BEGIN Records for processing

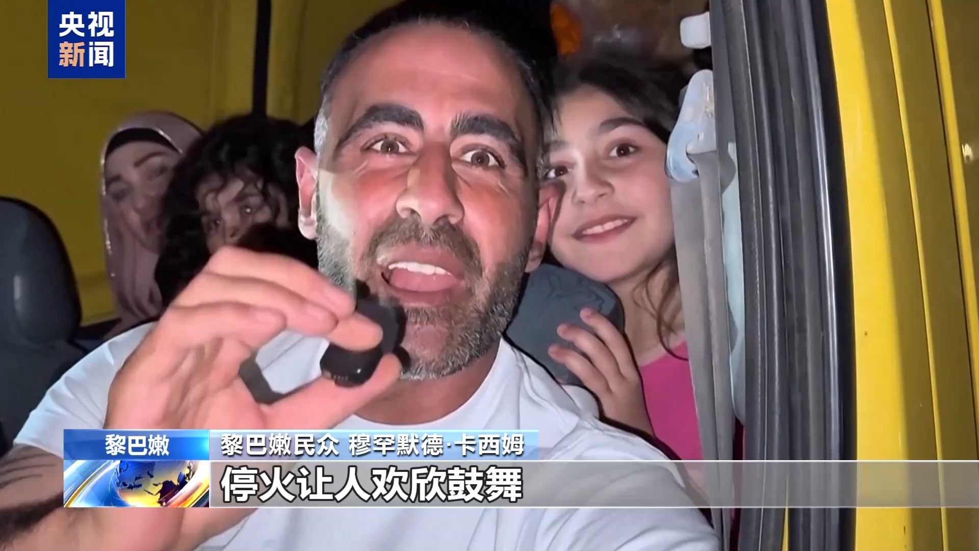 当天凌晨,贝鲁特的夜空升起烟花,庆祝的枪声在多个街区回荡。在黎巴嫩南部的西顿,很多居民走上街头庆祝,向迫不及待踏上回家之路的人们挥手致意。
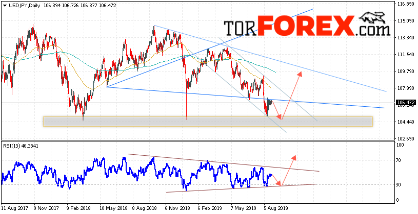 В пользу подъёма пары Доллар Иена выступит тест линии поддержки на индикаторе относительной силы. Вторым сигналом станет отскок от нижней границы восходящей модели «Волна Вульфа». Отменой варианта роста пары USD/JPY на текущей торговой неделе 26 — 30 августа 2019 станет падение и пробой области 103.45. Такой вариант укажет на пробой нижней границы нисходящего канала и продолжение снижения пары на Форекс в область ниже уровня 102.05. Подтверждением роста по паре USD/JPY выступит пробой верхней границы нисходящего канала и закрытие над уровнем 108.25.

END Records for processing
BEGIN Records for processing

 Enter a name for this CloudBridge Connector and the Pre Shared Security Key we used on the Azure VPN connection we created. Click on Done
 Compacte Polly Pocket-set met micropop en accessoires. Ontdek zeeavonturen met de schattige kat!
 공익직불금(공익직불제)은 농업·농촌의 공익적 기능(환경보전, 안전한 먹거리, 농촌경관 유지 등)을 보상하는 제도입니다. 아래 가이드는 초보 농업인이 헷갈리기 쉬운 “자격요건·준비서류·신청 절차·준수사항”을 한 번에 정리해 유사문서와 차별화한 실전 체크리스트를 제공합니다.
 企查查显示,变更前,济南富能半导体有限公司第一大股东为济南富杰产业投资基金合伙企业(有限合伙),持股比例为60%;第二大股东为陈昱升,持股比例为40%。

END Records for processing

:: Your task ::
Look above for the line with "当天凌晨,贝鲁特的夜空升起烟" and the line with "В пользу подъёма"; set down those two lines and all lines between them exactly, without pictures and without anything else.

:: Problem solution ::
 当天凌晨,贝鲁特的夜空升起烟花,庆祝的枪声在多个街区回荡。在黎巴嫩南部的西顿,很多居民走上街头庆祝,向迫不及待踏上回家之路的人们挥手致意。
 В пользу подъёма пары Доллар Иена выступит тест линии поддержки на индикаторе относительной силы. Вторым сигналом станет отскок от нижней границы восходящей модели «Волна Вульфа». Отменой варианта роста пары USD/JPY на текущей торговой неделе 26 — 30 августа 2019 станет падение и пробой области 103.45. Такой вариант укажет на пробой нижней границы нисходящего канала и продолжение снижения пары на Форекс в область ниже уровня 102.05. Подтверждением роста по паре USD/JPY выступит пробой верхней границы нисходящего канала и закрытие над уровнем 108.25.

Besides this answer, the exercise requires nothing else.